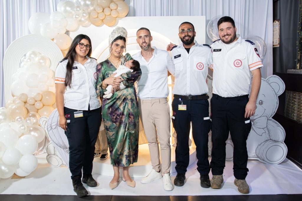 שמונה ימים לאחר מכן, צוות מד”א שהוזמן על ידי יניב ויסמין הגיע לאירוע ברית המילה של התינוק הקטן שם נחשף שמו – ניתאי. “אחרי כל הניסיונות האלה שעברנו, אנחנו זוכים לקיים ברית מילה בשמחה והודיה גדולה על כל הניסים והאתגרים שעברנו בדרך אליו ומאחלים לו שיהפוך חולשה לעוצמה גדולה, ויהיה ילד עם עוצמות וחוזקות מיוחדות”, נאם יניב מול הקהל והוסיף, “אני רוצה להגיד תודה לאורחים מיוחדים שנמצאים פה איתנו, לפראמדיקים במד”א היקרים אדל, ירין ודביר שהיו השליחים הכי טובים, מקצועיים ומדויקים בסיטואציה שנקלענו אליה. מי שלא יודע יסמין ילדה בבית על הרצפה בסלון והאמת שהרגשנו כאילו שיש איתנו צוות שלם של מילדות עם 20 שנות ניסיון, הכל נעשה ברוגע, בנחת ובדאגה. תמשיכו להציל חיים ולעזור בהבאת חיים לעולם. תמיד אומרים לזוגות – ‘שתצאו בידיים מלאות’, אז במקרה הזה שלנו, נכנסו לבית חולים בידיים מלאות ויצאנו בידיים מלאות”.
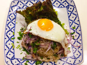 | ③ | 炊きあがったら、お皿に盛りつけ、トッピングのパクチーと生玉ねぎ、フライドガーリック、お好みで目玉焼きを乗せて、サニーレタスを添えて完成 |
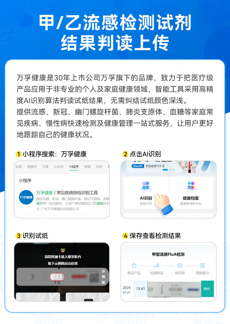万孚甲流乙流流感检测试剂 甲型乙型新冠抗原检测试剂盒 非支原体

□ □ □ □ □ □ □

▸ **EXERCISE**
Each line of the data above must be repeated exactly, images excluded.

▸ **FINAL ANSWER**
 שמונה ימים לאחר מכן, צוות מד”א שהוזמן על ידי יניב ויסמין הגיע לאירוע ברית המילה של התינוק הקטן שם נחשף שמו – ניתאי. “אחרי כל הניסיונות האלה שעברנו, אנחנו זוכים לקיים ברית מילה בשמחה והודיה גדולה על כל הניסים והאתגרים שעברנו בדרך אליו ומאחלים לו שיהפוך חולשה לעוצמה גדולה, ויהיה ילד עם עוצמות וחוזקות מיוחדות”, נאם יניב מול הקהל והוסיף, “אני רוצה להגיד תודה לאורחים מיוחדים שנמצאים פה איתנו, לפראמדיקים במד”א היקרים אדל, ירין ודביר שהיו השליחים הכי טובים, מקצועיים ומדויקים בסיטואציה שנקלענו אליה. מי שלא יודע יסמין ילדה בבית על הרצפה בסלון והאמת שהרגשנו כאילו שיש איתנו צוות שלם של מילדות עם 20 שנות ניסיון, הכל נעשה ברוגע, בנחת ובדאגה. תמשיכו להציל חיים ולעזור בהבאת חיים לעולם. תמיד אומרים לזוגות – ‘שתצאו בידיים מלאות’, אז במקרה הזה שלנו, נכנסו לבית חולים בידיים מלאות ויצאנו בידיים מלאות”.
 | ③ | 炊きあがったら、お皿に盛りつけ、トッピングのパクチーと生玉ねぎ、フライドガーリック、お好みで目玉焼きを乗せて、サニーレタスを添えて完成 |
万孚甲流乙流流感检测试剂 甲型乙型新冠抗原检测试剂盒 非支原体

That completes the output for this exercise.